== Exercise instructions ==
The lines to be extracted run from the start of the listing through the line containing "2019年10月23日下午,在康复系党支"; copy them exactly and nothing else.

== Source data ==
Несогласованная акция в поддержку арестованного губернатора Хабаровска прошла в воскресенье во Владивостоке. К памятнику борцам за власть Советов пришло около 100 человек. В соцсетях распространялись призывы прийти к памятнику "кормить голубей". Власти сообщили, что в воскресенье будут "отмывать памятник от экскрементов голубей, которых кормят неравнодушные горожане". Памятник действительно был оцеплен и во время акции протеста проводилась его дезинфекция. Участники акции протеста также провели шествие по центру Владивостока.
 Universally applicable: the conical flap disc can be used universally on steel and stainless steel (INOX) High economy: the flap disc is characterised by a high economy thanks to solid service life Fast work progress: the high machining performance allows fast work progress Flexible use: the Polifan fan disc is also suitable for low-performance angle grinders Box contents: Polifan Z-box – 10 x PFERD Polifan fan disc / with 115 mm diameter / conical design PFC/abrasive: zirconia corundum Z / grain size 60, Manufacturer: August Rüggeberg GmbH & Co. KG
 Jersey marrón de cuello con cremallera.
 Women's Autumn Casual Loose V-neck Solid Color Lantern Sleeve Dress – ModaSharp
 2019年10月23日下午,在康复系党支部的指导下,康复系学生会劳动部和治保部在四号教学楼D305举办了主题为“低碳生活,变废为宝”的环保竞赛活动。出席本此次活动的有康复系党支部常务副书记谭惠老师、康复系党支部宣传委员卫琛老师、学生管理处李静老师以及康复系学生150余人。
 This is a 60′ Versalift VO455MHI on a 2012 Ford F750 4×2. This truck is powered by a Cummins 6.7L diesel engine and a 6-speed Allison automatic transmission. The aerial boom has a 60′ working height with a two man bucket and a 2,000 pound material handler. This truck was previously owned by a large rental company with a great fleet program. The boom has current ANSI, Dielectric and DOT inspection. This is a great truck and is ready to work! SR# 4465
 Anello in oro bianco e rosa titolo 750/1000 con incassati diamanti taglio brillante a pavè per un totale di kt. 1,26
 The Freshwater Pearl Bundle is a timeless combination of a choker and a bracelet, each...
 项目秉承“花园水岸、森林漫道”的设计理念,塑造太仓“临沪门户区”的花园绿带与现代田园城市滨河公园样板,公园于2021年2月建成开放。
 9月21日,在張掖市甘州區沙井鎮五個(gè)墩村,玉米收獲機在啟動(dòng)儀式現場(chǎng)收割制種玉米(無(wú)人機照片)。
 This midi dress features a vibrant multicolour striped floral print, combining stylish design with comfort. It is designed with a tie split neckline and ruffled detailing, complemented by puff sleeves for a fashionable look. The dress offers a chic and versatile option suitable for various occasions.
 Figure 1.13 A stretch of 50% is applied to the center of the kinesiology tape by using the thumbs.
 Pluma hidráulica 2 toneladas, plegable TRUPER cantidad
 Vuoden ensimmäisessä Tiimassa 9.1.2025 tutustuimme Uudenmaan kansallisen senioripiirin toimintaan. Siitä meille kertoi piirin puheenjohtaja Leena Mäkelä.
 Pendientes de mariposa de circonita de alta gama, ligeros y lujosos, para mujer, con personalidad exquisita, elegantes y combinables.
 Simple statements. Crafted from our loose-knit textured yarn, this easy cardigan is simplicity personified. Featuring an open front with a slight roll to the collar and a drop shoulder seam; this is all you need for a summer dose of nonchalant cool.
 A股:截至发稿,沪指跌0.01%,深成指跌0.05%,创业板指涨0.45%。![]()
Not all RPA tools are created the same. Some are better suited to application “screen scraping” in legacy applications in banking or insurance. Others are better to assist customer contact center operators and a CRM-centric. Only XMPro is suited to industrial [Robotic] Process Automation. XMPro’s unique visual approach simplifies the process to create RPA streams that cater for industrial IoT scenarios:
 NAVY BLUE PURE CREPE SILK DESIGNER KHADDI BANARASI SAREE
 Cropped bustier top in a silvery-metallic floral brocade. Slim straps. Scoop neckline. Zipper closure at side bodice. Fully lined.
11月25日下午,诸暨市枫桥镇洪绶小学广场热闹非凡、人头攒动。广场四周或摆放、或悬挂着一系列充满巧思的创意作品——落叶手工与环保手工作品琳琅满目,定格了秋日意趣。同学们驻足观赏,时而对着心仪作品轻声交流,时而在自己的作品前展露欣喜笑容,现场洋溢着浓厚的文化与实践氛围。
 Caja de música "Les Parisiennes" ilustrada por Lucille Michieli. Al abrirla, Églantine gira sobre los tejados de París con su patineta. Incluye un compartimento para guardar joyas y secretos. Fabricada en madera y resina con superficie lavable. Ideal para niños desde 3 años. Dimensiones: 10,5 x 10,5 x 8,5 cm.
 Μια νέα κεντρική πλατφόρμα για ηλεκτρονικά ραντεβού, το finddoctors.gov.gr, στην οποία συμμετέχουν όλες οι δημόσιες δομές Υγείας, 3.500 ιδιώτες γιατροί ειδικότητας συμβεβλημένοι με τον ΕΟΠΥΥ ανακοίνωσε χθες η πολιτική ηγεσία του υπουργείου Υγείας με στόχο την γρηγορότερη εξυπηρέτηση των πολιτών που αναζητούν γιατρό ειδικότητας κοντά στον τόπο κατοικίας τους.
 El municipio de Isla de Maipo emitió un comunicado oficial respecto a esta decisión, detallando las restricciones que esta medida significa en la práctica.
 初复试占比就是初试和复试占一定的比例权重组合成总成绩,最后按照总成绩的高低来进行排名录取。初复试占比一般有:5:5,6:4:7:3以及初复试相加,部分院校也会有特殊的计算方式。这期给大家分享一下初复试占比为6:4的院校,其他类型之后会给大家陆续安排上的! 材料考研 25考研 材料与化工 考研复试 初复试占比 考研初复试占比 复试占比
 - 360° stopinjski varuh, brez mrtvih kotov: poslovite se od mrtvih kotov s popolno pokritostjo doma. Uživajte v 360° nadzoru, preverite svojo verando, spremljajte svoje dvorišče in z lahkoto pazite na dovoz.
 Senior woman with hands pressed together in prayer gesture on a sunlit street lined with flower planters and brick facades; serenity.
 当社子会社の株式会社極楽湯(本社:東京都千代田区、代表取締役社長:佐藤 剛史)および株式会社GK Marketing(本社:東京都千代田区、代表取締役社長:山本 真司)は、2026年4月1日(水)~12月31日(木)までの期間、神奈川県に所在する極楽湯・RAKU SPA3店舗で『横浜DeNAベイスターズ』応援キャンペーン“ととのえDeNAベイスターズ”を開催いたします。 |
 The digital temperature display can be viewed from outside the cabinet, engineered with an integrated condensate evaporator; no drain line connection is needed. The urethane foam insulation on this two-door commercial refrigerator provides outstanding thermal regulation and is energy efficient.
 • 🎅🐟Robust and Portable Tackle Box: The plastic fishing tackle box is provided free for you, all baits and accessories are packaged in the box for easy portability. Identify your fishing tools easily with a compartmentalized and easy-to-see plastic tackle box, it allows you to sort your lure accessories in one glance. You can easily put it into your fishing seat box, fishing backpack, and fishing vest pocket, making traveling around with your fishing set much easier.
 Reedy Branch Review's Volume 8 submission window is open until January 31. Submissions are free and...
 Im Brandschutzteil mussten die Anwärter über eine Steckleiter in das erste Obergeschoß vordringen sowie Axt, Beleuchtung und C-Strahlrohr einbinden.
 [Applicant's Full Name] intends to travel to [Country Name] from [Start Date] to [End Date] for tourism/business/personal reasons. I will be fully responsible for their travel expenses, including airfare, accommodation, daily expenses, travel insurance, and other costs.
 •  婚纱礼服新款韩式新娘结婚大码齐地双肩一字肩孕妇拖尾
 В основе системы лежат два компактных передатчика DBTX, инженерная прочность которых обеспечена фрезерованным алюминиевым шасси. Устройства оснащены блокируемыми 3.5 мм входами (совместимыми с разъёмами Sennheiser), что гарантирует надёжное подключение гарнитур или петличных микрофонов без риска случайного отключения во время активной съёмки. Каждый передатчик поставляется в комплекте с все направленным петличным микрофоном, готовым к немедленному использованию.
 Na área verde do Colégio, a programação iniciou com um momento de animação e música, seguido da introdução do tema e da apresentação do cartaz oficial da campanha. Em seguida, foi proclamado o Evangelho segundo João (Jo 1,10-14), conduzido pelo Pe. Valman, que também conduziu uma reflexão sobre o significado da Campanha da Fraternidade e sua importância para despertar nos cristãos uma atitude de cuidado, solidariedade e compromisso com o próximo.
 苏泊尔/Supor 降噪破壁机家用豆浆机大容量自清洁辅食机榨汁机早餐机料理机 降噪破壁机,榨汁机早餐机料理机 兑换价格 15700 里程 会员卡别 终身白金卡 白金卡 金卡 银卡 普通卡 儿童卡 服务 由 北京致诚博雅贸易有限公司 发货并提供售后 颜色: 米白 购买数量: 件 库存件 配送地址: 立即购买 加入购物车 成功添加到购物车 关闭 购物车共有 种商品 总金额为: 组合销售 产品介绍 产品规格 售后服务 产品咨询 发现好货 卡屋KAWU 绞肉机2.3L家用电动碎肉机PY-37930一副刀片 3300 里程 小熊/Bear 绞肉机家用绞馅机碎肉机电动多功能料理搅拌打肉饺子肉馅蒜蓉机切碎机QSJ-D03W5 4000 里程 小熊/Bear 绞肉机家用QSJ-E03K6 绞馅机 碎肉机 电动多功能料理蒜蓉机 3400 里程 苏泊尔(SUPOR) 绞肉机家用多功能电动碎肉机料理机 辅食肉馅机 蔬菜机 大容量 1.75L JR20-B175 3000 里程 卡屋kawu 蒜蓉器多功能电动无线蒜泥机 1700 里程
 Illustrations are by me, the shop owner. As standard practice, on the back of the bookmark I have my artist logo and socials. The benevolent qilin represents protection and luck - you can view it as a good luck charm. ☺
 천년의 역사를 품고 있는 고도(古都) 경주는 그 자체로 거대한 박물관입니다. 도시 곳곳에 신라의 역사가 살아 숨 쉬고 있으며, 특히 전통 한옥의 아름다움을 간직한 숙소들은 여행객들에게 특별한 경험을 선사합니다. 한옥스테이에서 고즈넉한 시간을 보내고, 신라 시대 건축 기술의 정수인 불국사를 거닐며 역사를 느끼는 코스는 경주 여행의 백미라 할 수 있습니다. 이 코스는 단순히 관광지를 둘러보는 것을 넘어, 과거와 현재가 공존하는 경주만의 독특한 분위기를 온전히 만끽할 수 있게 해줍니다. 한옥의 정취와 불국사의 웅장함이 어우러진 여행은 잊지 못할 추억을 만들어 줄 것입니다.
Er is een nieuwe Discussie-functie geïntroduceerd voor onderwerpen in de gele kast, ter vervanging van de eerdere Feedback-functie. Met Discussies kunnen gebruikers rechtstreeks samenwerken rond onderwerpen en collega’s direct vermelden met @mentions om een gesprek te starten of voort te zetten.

== Answer box ==
Несогласованная акция в поддержку арестованного губернатора Хабаровска прошла в воскресенье во Владивостоке. К памятнику борцам за власть Советов пришло около 100 человек. В соцсетях распространялись призывы прийти к памятнику "кормить голубей". Власти сообщили, что в воскресенье будут "отмывать памятник от экскрементов голубей, которых кормят неравнодушные горожане". Памятник действительно был оцеплен и во время акции протеста проводилась его дезинфекция. Участники акции протеста также провели шествие по центру Владивостока.
 Universally applicable: the conical flap disc can be used universally on steel and stainless steel (INOX) High economy: the flap disc is characterised by a high economy thanks to solid service life Fast work progress: the high machining performance allows fast work progress Flexible use: the Polifan fan disc is also suitable for low-performance angle grinders Box contents: Polifan Z-box – 10 x PFERD Polifan fan disc / with 115 mm diameter / conical design PFC/abrasive: zirconia corundum Z / grain size 60, Manufacturer: August Rüggeberg GmbH & Co. KG
 Jersey marrón de cuello con cremallera.
 Women's Autumn Casual Loose V-neck Solid Color Lantern Sleeve Dress – ModaSharp
 2019年10月23日下午,在康复系党支部的指导下,康复系学生会劳动部和治保部在四号教学楼D305举办了主题为“低碳生活,变废为宝”的环保竞赛活动。出席本此次活动的有康复系党支部常务副书记谭惠老师、康复系党支部宣传委员卫琛老师、学生管理处李静老师以及康复系学生150余人。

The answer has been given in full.